I think there is still an argument to be made for using two features found on old cars and light trucks that disappeared 40 some years ago. These two features are the foot operated high/low beam switch and wing windows.

On modern cars and light trucks when you switch from low beam to high beam or vise versa, the manual switch is located on the steering column and is operated by the drivers left hand using the traditional turn signal switch. Not too long ago the high/low beam switch was located on the left side of the drivers floor area, and operated using the drivers left foot, which made a satisfying clicking sound each time it was activated. Having this switch on the drivers floor area was a nice feature because it was easier to operate with your left foot. A lot of drivers in America like to drive with their right hand on the steering wheel and left arm resting on the drivers door arm rest, or on their lap. Operating the high/low beam switch on a modern car or light truck means lifting your left arm up each time to reach the switch. It was a shorter distance and less effort to use your left foot to operate the high/low beam switch located right next to your foot on the drivers floor area. I realize it's not a big deal, but it is a true difference.   

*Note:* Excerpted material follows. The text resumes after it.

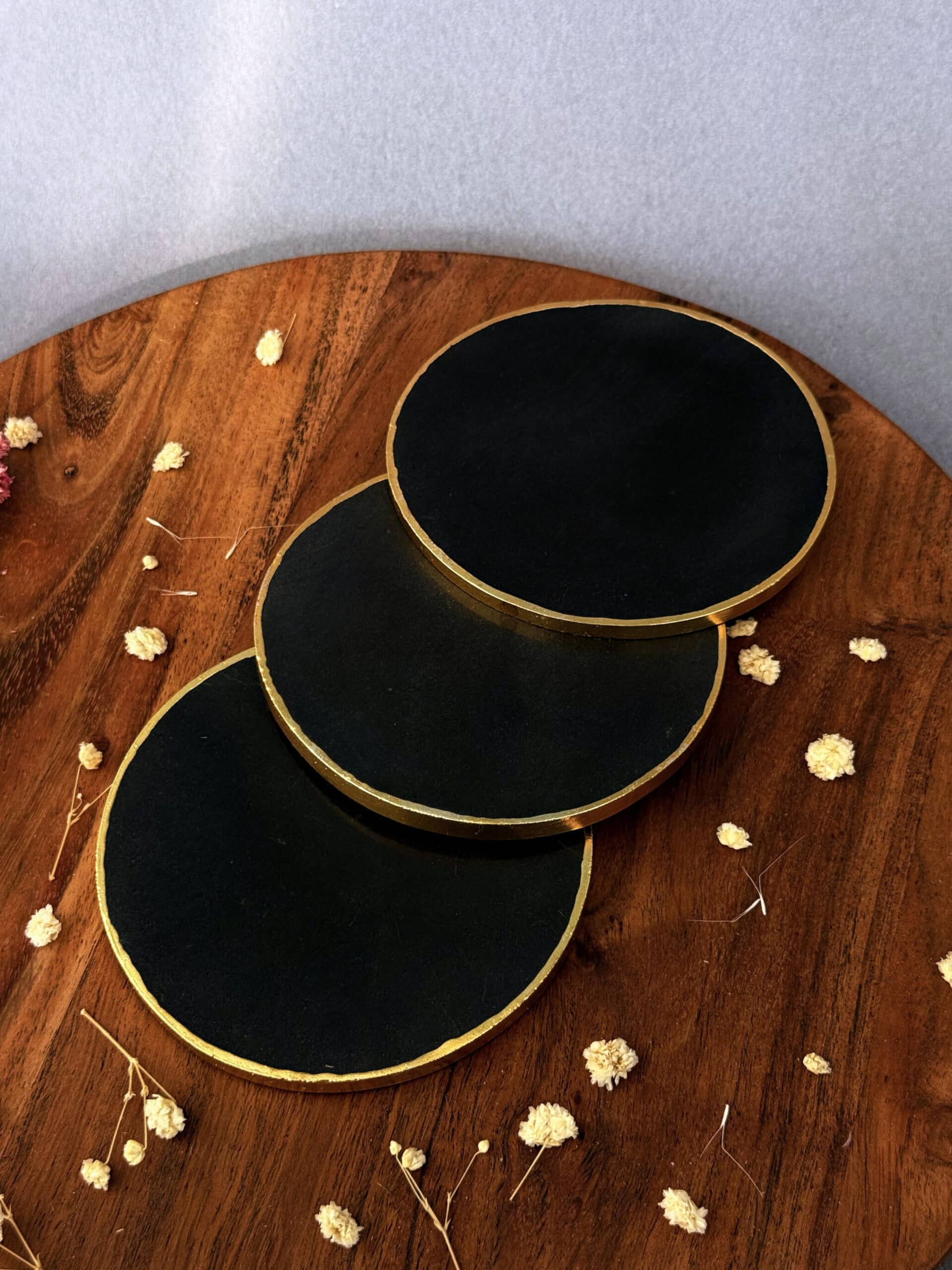Enhance your space with this set of 4 Black Agate Coasters, crafted from natural Black Agate stone. Known for its grounding and protective properties, Black Agate exudes sophistication and strength, making it a perfect addition to your home or office décor. Black Agate Coasters are not just functional, but a symbol of protection and balance. Whether used for serving drinks, enhancing décor, or grounding energy, they bring sophistication and stability to your space.

Supposedly, the floor switch was relocated to the steering column due to a decrease in driver floor area caused by an increase in popularity of front wheel drive vehicles. I'm not sure if this is the only reason why it disappeared. I have a feeling it might also have something to do with appearance. It's a cleaner nicer look to hide the high/low beam switch in the steering column and cleans up the drivers floor area. Also, having the switch hidden in the steering column compliments a high tech image. Interesting note, there are still commercial vehicle in use today, like transit buses, that still use a floor operated high/low beam switch.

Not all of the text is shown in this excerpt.